§ Task directions: Beginning with the line below that contains "محکمہ تعلیم سندھ" and ending with the line that contains "6/21(金)の栄中〜夏休み", retype every line exactly. Pictures are not copied.

Dataset excerpts
────

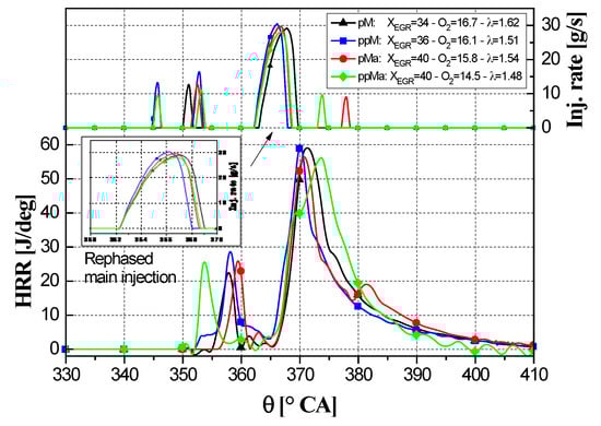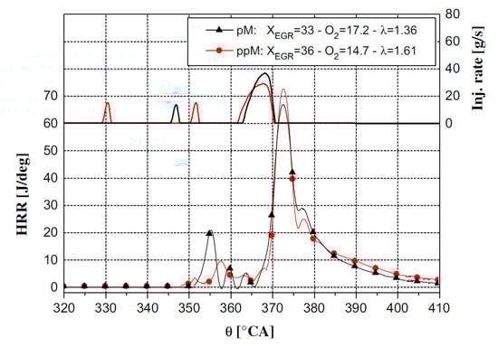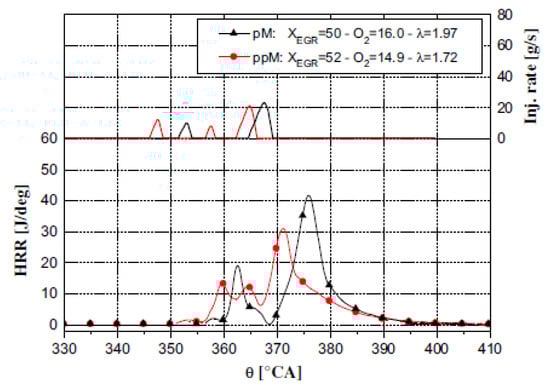 The combustion of the pilot injected fuel causes a slight increase in the in-cylinder gas pressure and temperature before the main injection has occurred and therefore leads to a considerable reduction in the ignition delay of the main injection [53]. This reduction in the fuel ignition delay limits the impact of the premixed combustion and generates a less rapid heat release rate [51] during the main injection than in a single-injection schedule [54]. The last effect is also related to the oxygen quantity consumed during the pilot combustion and to the consequently reduced oxygen availability during the main combustion. Furthermore, the high thermal capacity products of the pilot combustion can be entrained in the main fuel spray and play the role of an internal EGR, thus lowering the HRR peak. As a result, the main combustion becomes predominantly mixing-controlled [51] and the entire amount of fuel chemical energy is released over a prolonged time interval, thus determining a longer combustion than for the single-injection case.
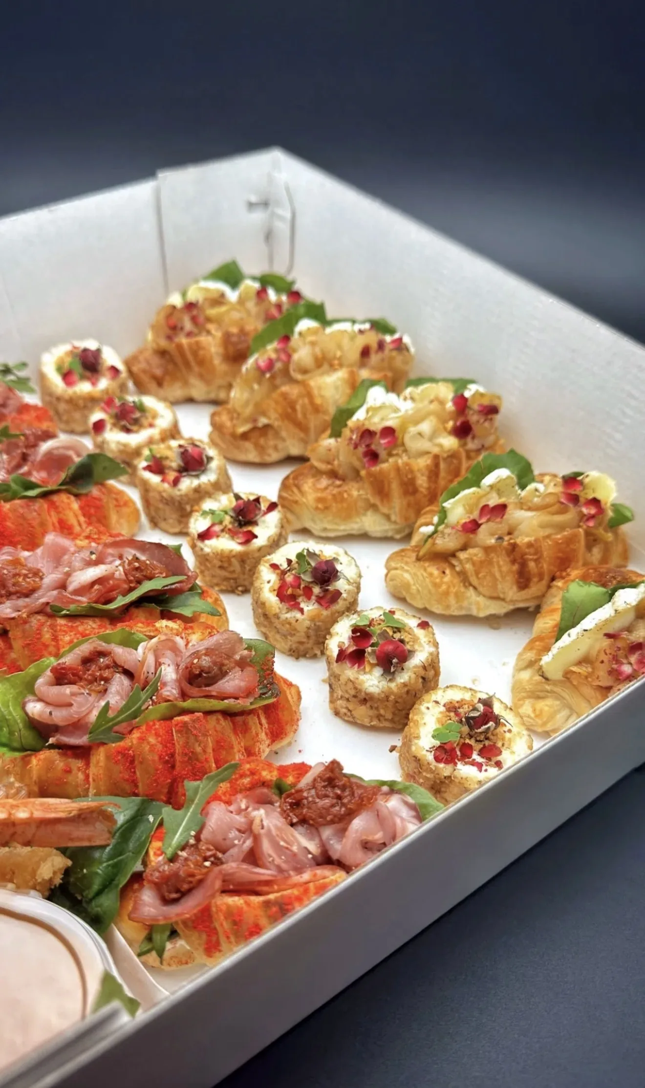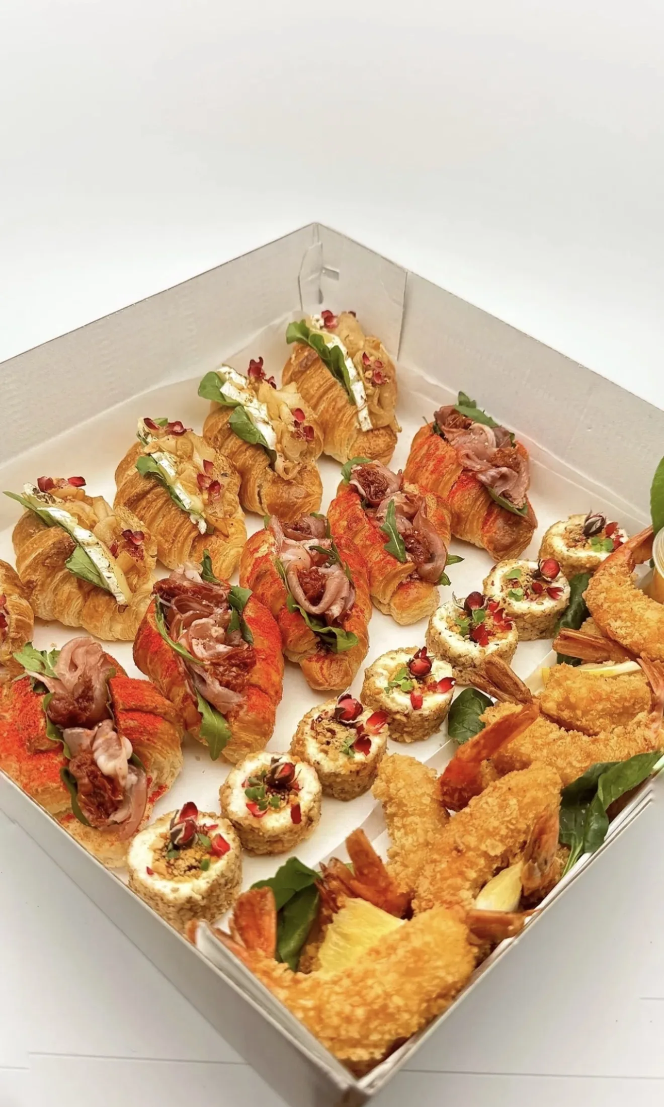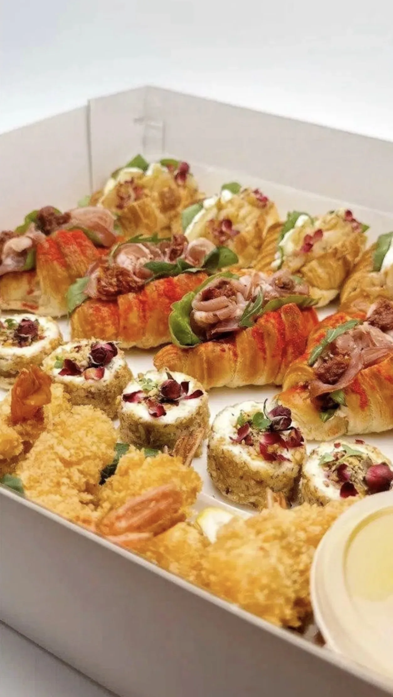 Десертный сыр Бюш с вишней 7 шт Круассан мини с хамом и зеленью 5 шт Круассан мини груша с камамбером 5 шт • Креветка панко 15 шт , Соусы
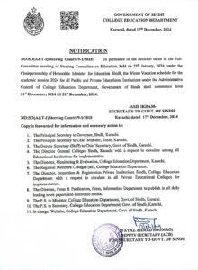محکمہ تعلیم سندھ نے تمام تعلیمی اداروں میں موسم سرما کی تعطیلات کا اعلان کر دیا
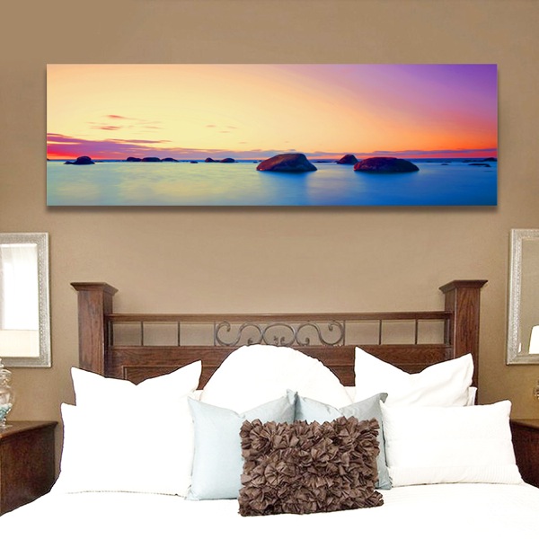 Ottimo accorgimento è partire dalla posizione delle finestre e dell’illuminazione e provare la collocazione della tela o del pannello con l’effetto della luce che entra dalla finestra nelle varie fasi del giorno. Inoltre occorre confrontarsi con ciò che è già presente nella camera in modo da valorizzarlo e bilanciarlo, senza creare contrasti e senza appesantire l’insieme.
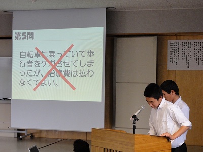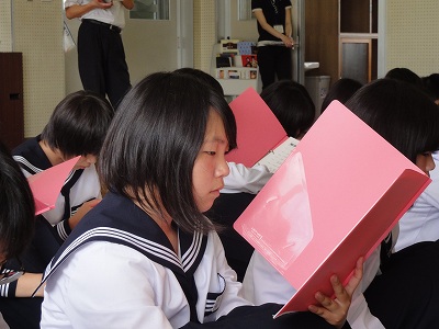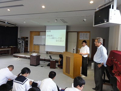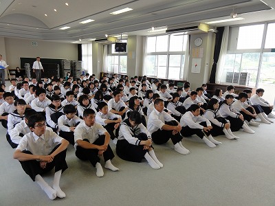 6/21(金)の栄中〜夏休み前恒例の交通安全教室が開かれました。今年は、生活委員会を中心にパワーポイントで交通ルールや通学路の問題点を取り上げ、学習しました。二人乗りや無灯火、携帯を使いながらの自転車運転、傘さし運転などが違反であることを再確認した後、通学路の写真を使って、どこで、どんなことに気を付けなくてはいけないかを生徒や先生のプレゼンテーションで学ぶことができました。夏の交通安全運動もまもなくスタートします。一人ひとりが気を付け、安全で健康な夏を迎えたいですね。
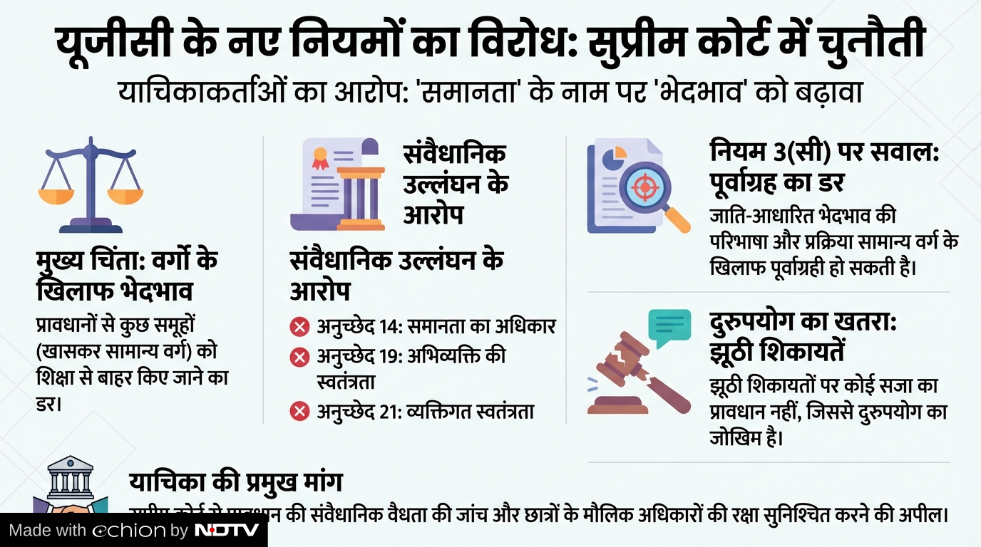 - -हालांकि, याचिकाकर्ता का कहना है कि नियम 3(सी) में जाति-आधारित भेदभाव की परिभाषा और प्रक्रिया ऐसी है कि यह सामान्य वर्ग के छात्रों/शिक्षकों के खिलाफ पूर्वाग्रही हो सकती है. इसमें झूठी शिकायतों पर कोई सजा का प्रावधान नहीं है, जिससे दुरुपयोग का खतरा है. याचिका में मांग की गई है कि सुप्रीम कोर्ट इस प्रावधान की संवैधानिक वैधता की जांच करे और छात्रों के मौलिक अधिकारों की रक्षा सुनिश्चित करे.

────

§ Final answer:
محکمہ تعلیم سندھ نے تمام تعلیمی اداروں میں موسم سرما کی تعطیلات کا اعلان کر دیا
 Ottimo accorgimento è partire dalla posizione delle finestre e dell’illuminazione e provare la collocazione della tela o del pannello con l’effetto della luce che entra dalla finestra nelle varie fasi del giorno. Inoltre occorre confrontarsi con ciò che è già presente nella camera in modo da valorizzarlo e bilanciarlo, senza creare contrasti e senza appesantire l’insieme.
 6/21(金)の栄中〜夏休み前恒例の交通安全教室が開かれました。今年は、生活委員会を中心にパワーポイントで交通ルールや通学路の問題点を取り上げ、学習しました。二人乗りや無灯火、携帯を使いながらの自転車運転、傘さし運転などが違反であることを再確認した後、通学路の写真を使って、どこで、どんなことに気を付けなくてはいけないかを生徒や先生のプレゼンテーションで学ぶことができました。夏の交通安全運動もまもなくスタートします。一人ひとりが気を付け、安全で健康な夏を迎えたいですね。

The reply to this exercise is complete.